Using collections in functional style

Let us now review some of the most common “utility methods” in the collection classes.

You can also revisit Chapter 6.2 of the CS-A1110 Programming 1 course.

For the programming assignments, the following methods may also prove useful:

  • splitAt

  • keys

  • filter

  • toSet

  • toMap

  • toVector

  • indexWhere

  • take

  • filterKeys

  • min and max

To study these and the collection classes further, please see

Let us proceed to review some of the utility methods with examples.

forall

Checks if all the elements in a collection satisfy a predicate (recall that a predicate is a function whose range is Boolean). For instance, we can test whether none of the elements in a set is divisible by 4:

scala> val s = Set(2,5,7,11,12)
val s: Set[Int] = HashSet(5, 2, 12, 7, 11)

scala> s.forall(_ % 4 != 0)
res: Boolean = false

Note that the order on which the predicate is applied to the elements is not necessarily “the intuitive one” and that the predicate is not necessarily applied to all the elements:

scala> val s = Set(12,2,5,7,11)
val s: Set[Int] = HashSet(5, 2, 12, 7, 11)

scala> s.forall(e => {println(e); e % 4 != 0})
5
2
12
res: Boolean = false

This matters if the predicate has side effects: the result can be very difficult to understand in case something unexpected happens!

foreach

This method applies the argument function to all the elements in a collection. The return values of the function evaluations are ignored. As an example

scala> val points = Map("40355T"->30, "346823"->70, "826822"->65)
points: Map[String,Int] = Map(40355T -> 30, 346823 -> 70, 826822 -> 65)
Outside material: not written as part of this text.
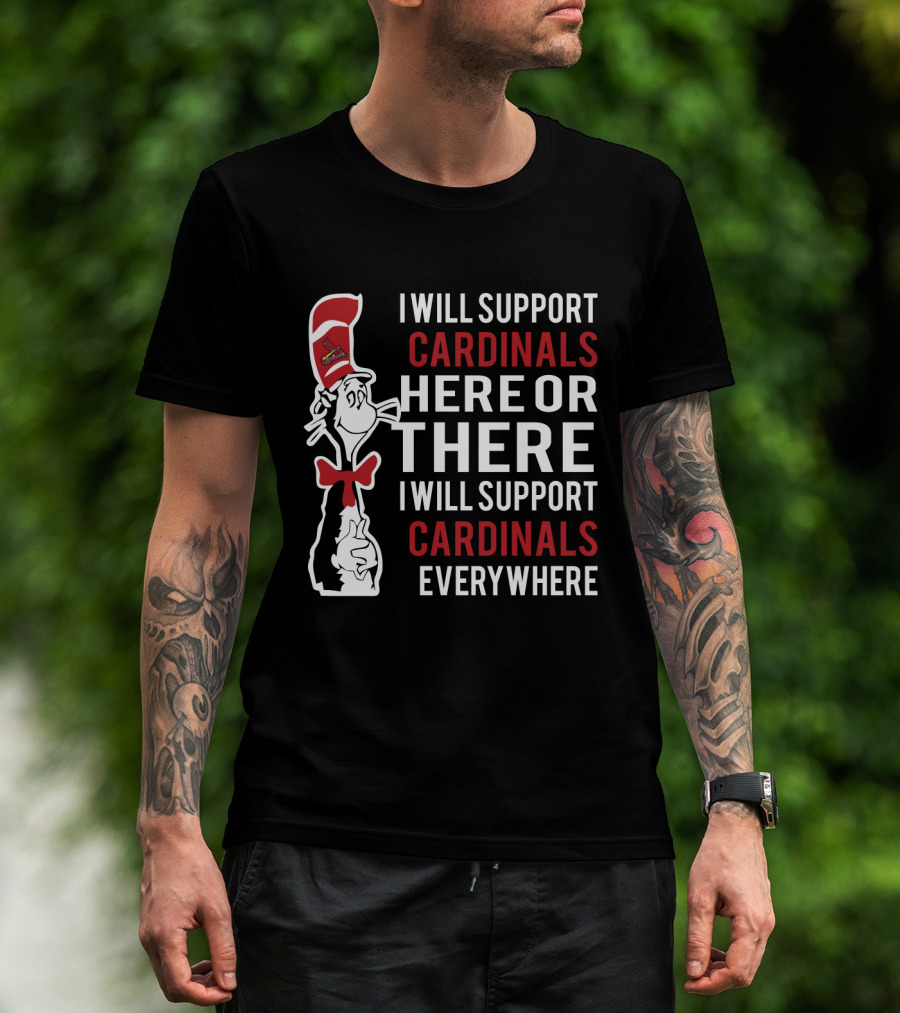 I Will Support Cardinals Here Or There Cat In The Hat St. Louis Cardinals Everywhere T-Shirt

scala> points.foreach((id,score) => println(s"Student ${id} " + (if score > 50 then "passed" else "did not pass")))

Student '40355T' did not pass
Student '346823' passed
Student '826822' passed

Observe that the parameter x of the anonymous function is of type Tuple2[String,Int], that is, a (key,value) -pair. If you want to consider only keys or values of a Map, take a look at the keys and values methods. For example:

scala> val avgPoints = points.values.sum / points.size
avgPoints: Int = 55

map

This is one of the most commonly used utility methods that transforms a collection into another by applying the function given as parameter to each element in the collection. There is no requirement for the domain and range types of the function to be the same; for example,

scala> val names = Seq("Turing", "Godel", "Shannon", "Shamir")
names: Seq[String] = List(Turing, Godel, Shannon, Shamir)

scala> val lengths = names.map(name => name.length)
lengths: Seq[Int] = List(6, 5, 7, 6)

flatMap

Like map but the applied function must return a traversable collection, such as List or Vector, and the resulting collection will then contain the concatenation of the function applications. For example:

scala> val l = List(1,2,3)
l: List[Int] = List(1, 2, 3)

scala> l.map(v => List(v*2, v*2 + 1))
res: List[List[Int]] = List(List(2, 3), List(4, 5), List(6, 7))

scala> l.flatMap(v => List(v*2, v*2 + 1))
res: List[Int] = List(2, 3, 4, 5, 6, 7)

groupBy

The groupBy(f) method applies the function f to each element in the collection and returns an association array that maps each value of the function encountered to the list of elements that evaluated to that value. This is a very convenient method when one wants to classify elements in a collection according to some criteria. For instance, we can make an association array that groups all the names in a list that start with the same letter together as follows:

scala> val names = List("abba", "Turing", "Alabama", "Celsius")
names: List[String] = List(abba, Turing, Alabama, Celsius)

scala> names.groupBy(name => name(0).toLower)
res0: scala.collection.immutable.Map[Char,List[String]] = Map(t -> List(Turing), a -> List(abba, Alabama), c -> List(Celsius))

As a second example, we can use groupBy to compute an association map that tells how many names of certain length occurs in a list:

scala> val names = Seq("Turing", "Godel", "Shannon", "Shamir")
names: Seq[String] = List(Turing, Godel, Shannon, Shamir)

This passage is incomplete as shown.